The National Retail Federation said it welcomed the introduction of legislation that would require Internet retailers to collect sales tax the same as local bricks-and-mortar stores.

“We believe there should be a level playing field where all retailers follow the same rules regardless of whether they sell their merchandise in a bricks-and-mortar store, through the mail or online,” NRF Senior Vice President for Government Relations David French said. “This bill would end a situation where Internet sellers have held an unfair price advantage over local stores for far too long. Tax policy should be channel neutral and not favor one segment of an industry over another.”

The U.S. Supreme Court ruled in 1992’s Quill v. North Dakota that retailers are required to collect sales tax from out-of-state customers only if they have a physical presence such as a store, warehouse or office in the customer’s state. The court held that the 45 state and 7,600 local sales tax systems across the nation were too complicated for a retailer to otherwise know how much tax to collect.

Senate Majority Whip Richard Durbin, D-Ill., last week introduced the Main Street Fairness Act. The bill would allow states that have adopted the Streamlined Sales and Use Tax Agreement – which was developed to simplify sales tax laws in response to the Supreme Court ruling – to require out-of-state sellers to collect sales tax whether they have a physical presence or not. The bill would cover all “remote sellers,” which include online retailers, catalog merchants and 1-800 offers on radio and television.

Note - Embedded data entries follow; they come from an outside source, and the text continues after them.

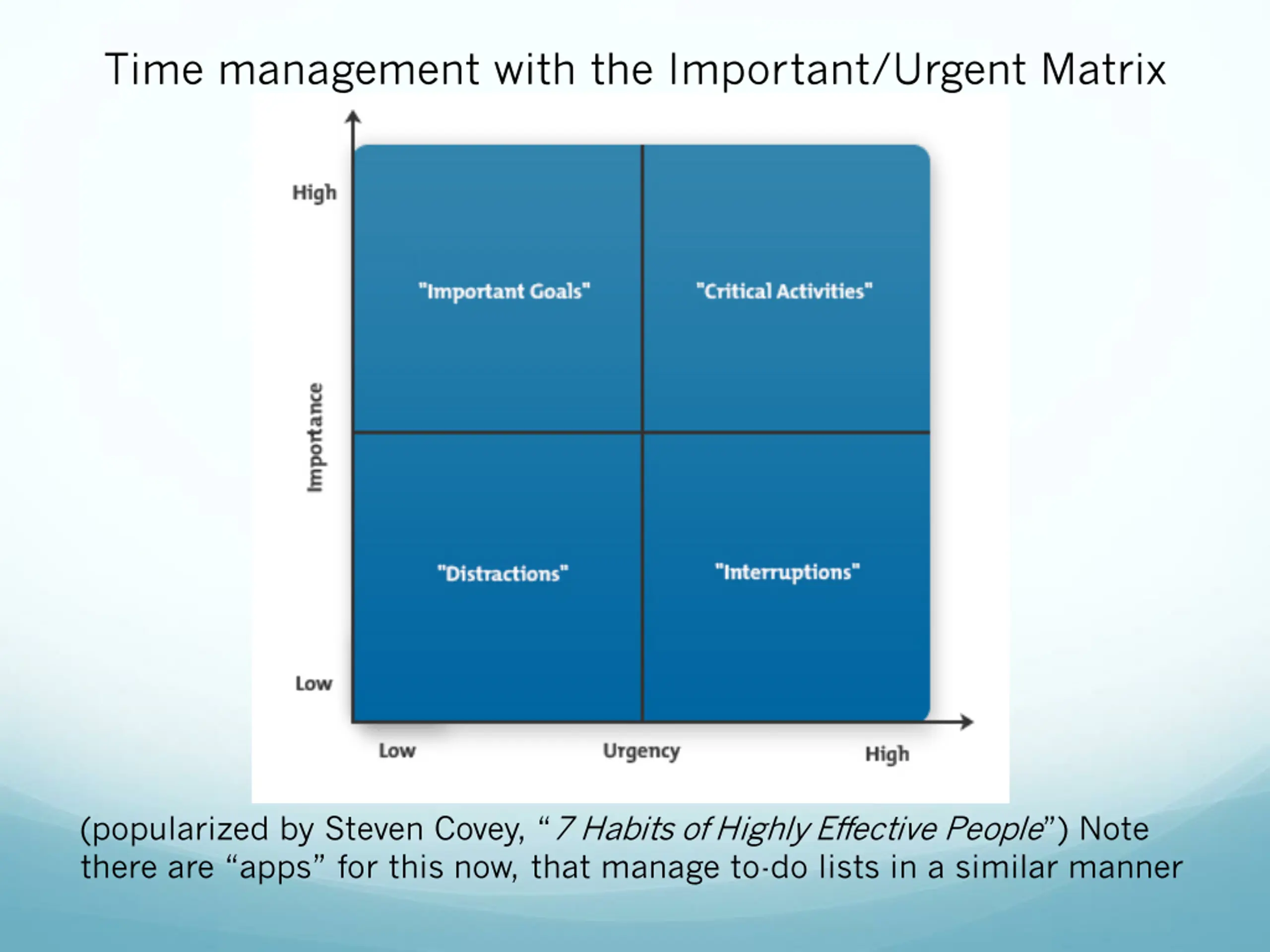 Time management with the Important/Urgent Matrix (popularized by Steven Covey, 7 Habits of Highly Effective People ) Note there are apps for this now, that manage to-do lists in a similar manner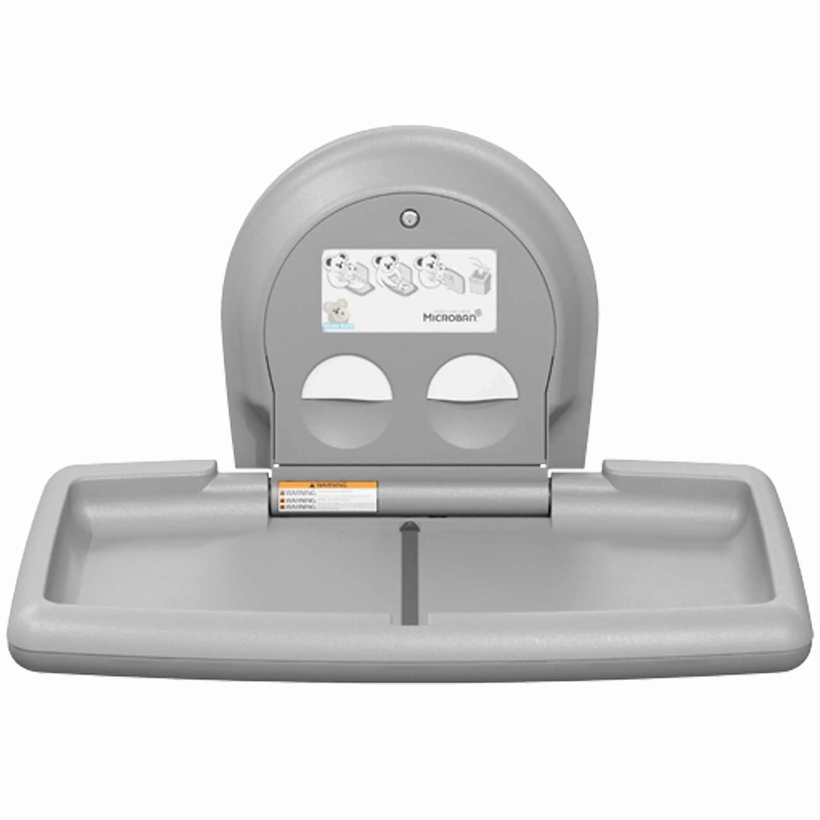 Die horizontale Aufputz-Wickelstation ist aus Polypropylen gefertigt und verfügt über ein stabiles Stahlgehäuse für höchste Stabilität. Zu den durchdachten Annehmlichkeiten gehören der Microban®-Produktschutz, ein neu gestalteter Beutelspender und das Koala-Markenzeichen, das den Familien Komfort und das Versprechen einer durchdachten Unterbringung vermittelt.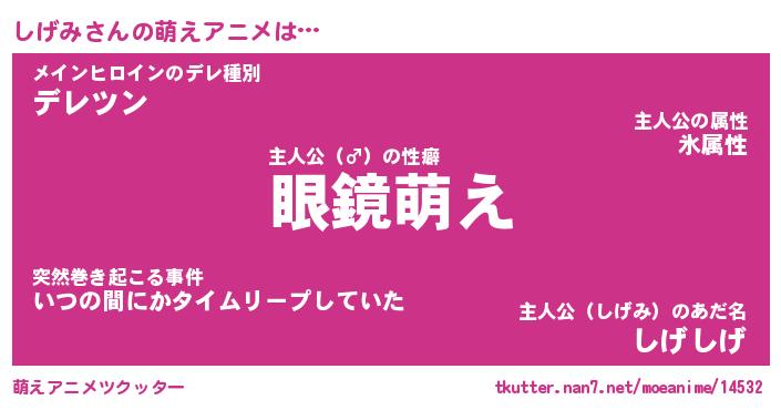 | 男性向けラノベタイトル風あだ名 | 『しげみの憂鬱』 |

“This is a constitutional snafu that requires a congressional fix,” French said. “The framers of the Constitution never envisioned Internet sales and probably didnt envision catalog sales, so they said interstate commerce should be the purview of Congress. But all trends in retail show that the Internet is growing faster than any other channel of retail, so the longer Congress leaves this unfixed the larger the consequences become and the greater the pressure is to act.”